借りている駐車場の床にぽつりぽつりと油染みが!

どうやらクラッチレリーズ機構からわずかに漏れているようです。

パーツリストでは「クラッチリリーススライダー」とされる部品の「スライダーリング」という所謂Oリングがヘタっているものと推測。
もともとこの部位は漏れる頻度が高いのか、メーカー側でも手を変え品を変え対策に苦労している様子です。

簡単に調べたところ次のように変遷しています。
xxxx~2011 シングルOリング
2012~2016 ダブルOリング
2017~現在 シングルXリング

↑2013モデルはダブルリングタイプ

ウラルジャパンから取り寄せれば確実ではありますが、オイルシールなどの消耗品は汎用部品が使えると納期や金額の面で大変有利ですし、メーカーから部品の供給が止まった後にいつまで車両の維持が出来るかという大きな要素でもあります。

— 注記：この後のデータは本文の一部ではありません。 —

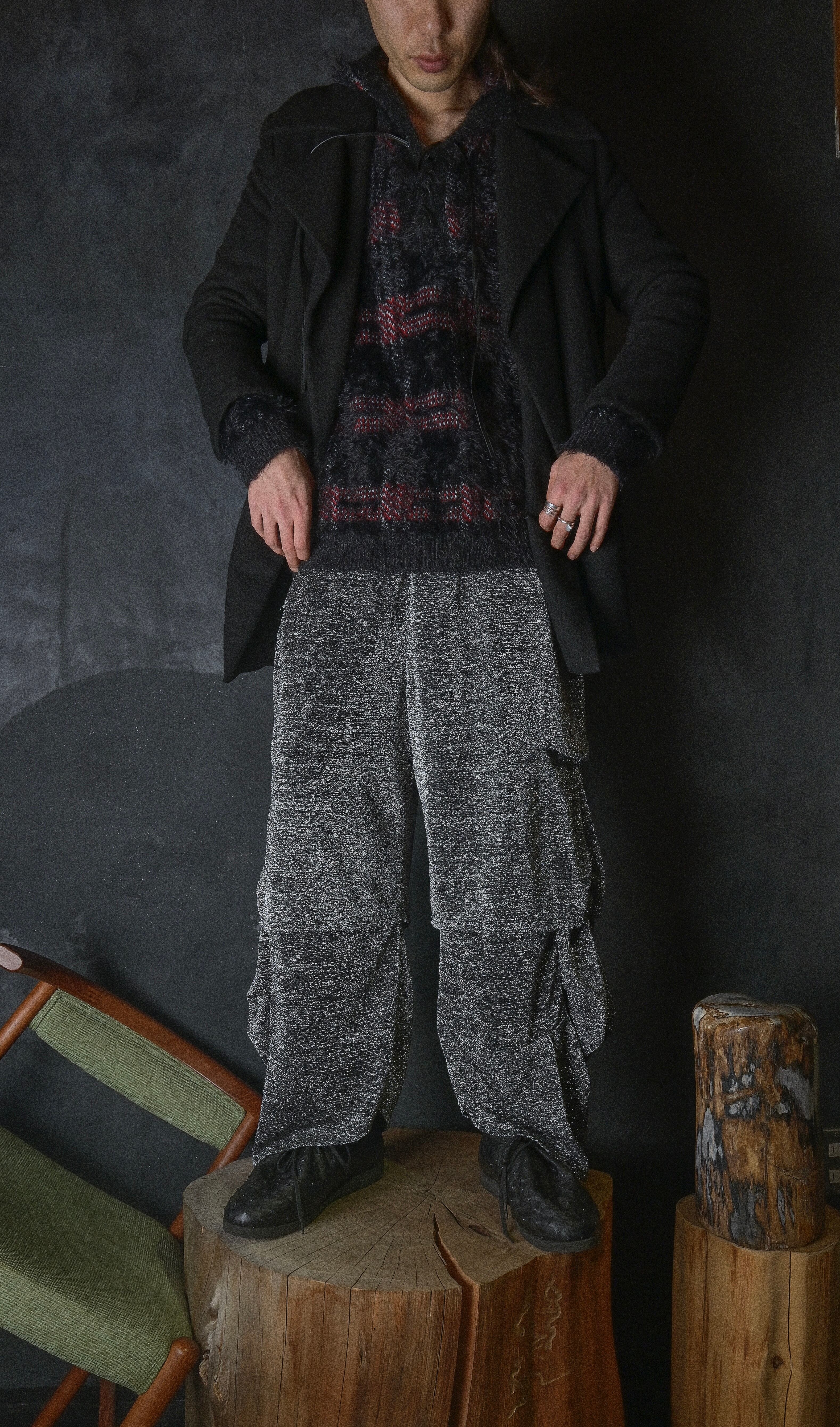 ブラックのモケモケの奥底にある埋め込まれたようなチェック。

そこで今回は純正部品を使わず汎用部品での補修を検討してみました。

取り外したOリングはかなり変形しており、正確なサイズを計測するのはかなり困難です。

しかし、2016年まで部品番号が変わっておらず古くから同一サイズのOリングが使われている様子、ロシア製であればメトリックでしょうからインチのような中途半端な値ではないと推測し、そこからサイズを導き出しました。

このサイズは独自規格のようで、完全に一致する規格製品は残念ながらありませんでした。
全ての部品を工場内で一元生産するロシアの製品にはありがちな事ですから今更驚きはありませんが...

調べてみると航空宇宙規格として定められたAS568規格に最も近いサイズが存在することがわかりました。
・AS568-209 線径3.53 x 内径17.04 x 外形24.10
純正のOリングよりも0.1mmほど外形が大きいですが、Oリングの弾性を考慮すれば使えるのではないかと?
とは言え機械部品の0.1mmはかなり大きな差になりますから、動きが渋くなったり、そもそも装着できない可能性もあります。
実際に試してみるしか答えは出ないので、材質の違う同サイズを2種類取り寄せました。

ニトリルゴム系(NBR)とフッ素ゴム系(FKM)、見た目に違いはほとんどありません。

結果、ギアボックスケースへの挿入に難儀するもののフッ素ゴム系のOリングを取り付けることが出来ました。(ニトリルゴム系は固定用をチョイスしたためかゴムが固く取り付けを断念)
取り付けてしまえば動きはスムーズでクラッチ操作に影響が出るようなことはありません。

しばらくは正しくシールされオイル漏れが無いか確認し、問題なさそうであれば耐久性を検証します。